Back in York: Ryan Adams goes solo and acoustic at the Barbican

Solo show of the week: Ryan Adams, York Barbican, Friday, 8pm  

NORTH Carolina singer-songwriter Ryan Adams plays York for the first time since 2011 on his eight-date solo tour, when each night’s set list will be different.

Adams, who visited the Grand Opera House in 2007 and four years later, will be performing on acoustic guitar and piano in the style of his spring 2022 run of East Coast American gigs, when he played 168 songs over five nights in shows that averaged 160 minutes. Box office: ryanadams.ffm.to/tour.OPR and yorkbarbican.co.uk.

Scott Matthews: Restless lullabies in Selby

Singer-songwriter of the week: Scott Matthews, Restless Lullabies Tour, Selby Town Hall, Friday, 8pm; The Old Woollen, Sunny Bank Mills, Farsley, April 16, 8pm

EXPECT an intimate acoustic show from Scott Matthews, the 47-year-old Ivor Novello Award-winning folk-pop singer-songwriter and guitarist from Wolverhampton, who has supported Foo Fighters, Robert Plant and Rufus Wainwright on tour.

Mastered at Abbey Road Studios, his starkly bold April 28 album Restless Lullabies reincarnates songs from his 2021 record, New Skin, removing its electronic veil.
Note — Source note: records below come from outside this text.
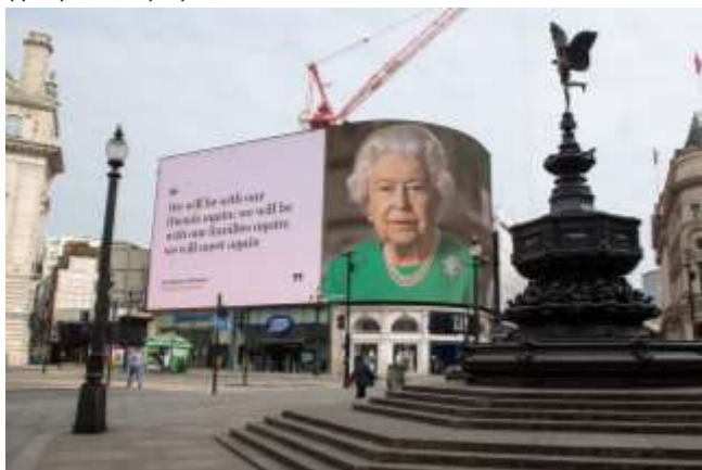
Μήνυμα από τη Βασίλισσά στην Piccadilly Circus.

Ο νέος κορωνοϊός επιβεβαιώθηκε για πρώτη φορά στο Ηνωμένο Βασίλειο στα τέλη Ιανουαρίου, αλλά ο αριθμός των καθημερινών επιβεβαιωμένων περιπτώσεων και των σχετικών θανάτων άρχισε να αυξάνεται σημαντικά στα μέσα Μαρτίου. Αν και τα αυστηρά μέτρα κοινωνικής απόστασης που θεσπίστηκαν στα τέλη Μαρτίου έχουν συμβάλει στη μείωση του ημερήσιου αριθμού θανάτων, το Ηνωμένο Βασίλειο έχει τώρα τον υψηλότερο επίσημο αριθμό θανάτων στην Ευρώπη και το δεύτερο υψηλότερο στον κόσμο. Οι περιορισμοί στην Αγγλία μειώθηκαν πρόσφατα (λιγότερο στη Σκωτία, την Ουαλία και τη Βόρεια Ιρλανδία), αλλά πολλές επιχειρήσεις και γραφεία παραμένουν κλειστά.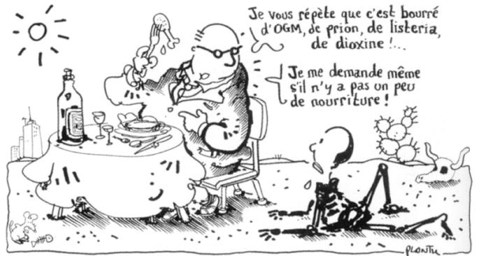
↑ Doc. 2 : Plantu, Le Monde , janvier 2002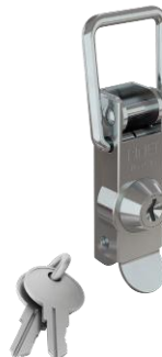
Grenouillère à crochet acier ou inox

Box office: Selby, 01757 708449 or selbytownhall.co.uk; Farsley, oldwoollen.co.uk.

Fernando Maynart: Joyful night of Brazilian samba and bossa nova in Helmsley

“The Brazilian Ed Sheeran”: Fernando Maynart, Helmsley Arts Centre, April 15, 7.30pm

BRAZILIAN singer-songwriter Fernando Maynart returns to Helmsley Arts Centre with a new band and more of his beautiful TranSambas music, rooted in South American culture.

Combining song-writing with traditional, tribal and modern Latin rhythms, Maynart presents a concert with joy at its heart and  a repertoire of rhythms embracing bossa nova and samba. Box office: 01439 771700 or helmsleyarts.co.uk.

Jasper Carrott and Alistair McGowan: Evening of comedy and impressions at Grand Opera House, York

Double bill of the week: An Evening Shared With Jasper Carrott and Alistair McGowan, Grand Opera House, York, April 16, 7.30pm

BRUMMIE comedian Jasper Carrott has shared bills in the past with impressionist Phil Cool and latterly with ELO drummer Bev Bevan. He first did so with impressionist Alistair McGowan at Reading Festival in 2017: a one-off that went so well that further shows ensued and now Jasper and Alistair are touring once more this spring.

The format involves McGowan taking to the stage first in each half, followed by Carrott’s stand-up combination of quickfire gags, sketches and stories. Box office: atgtickets.com/york.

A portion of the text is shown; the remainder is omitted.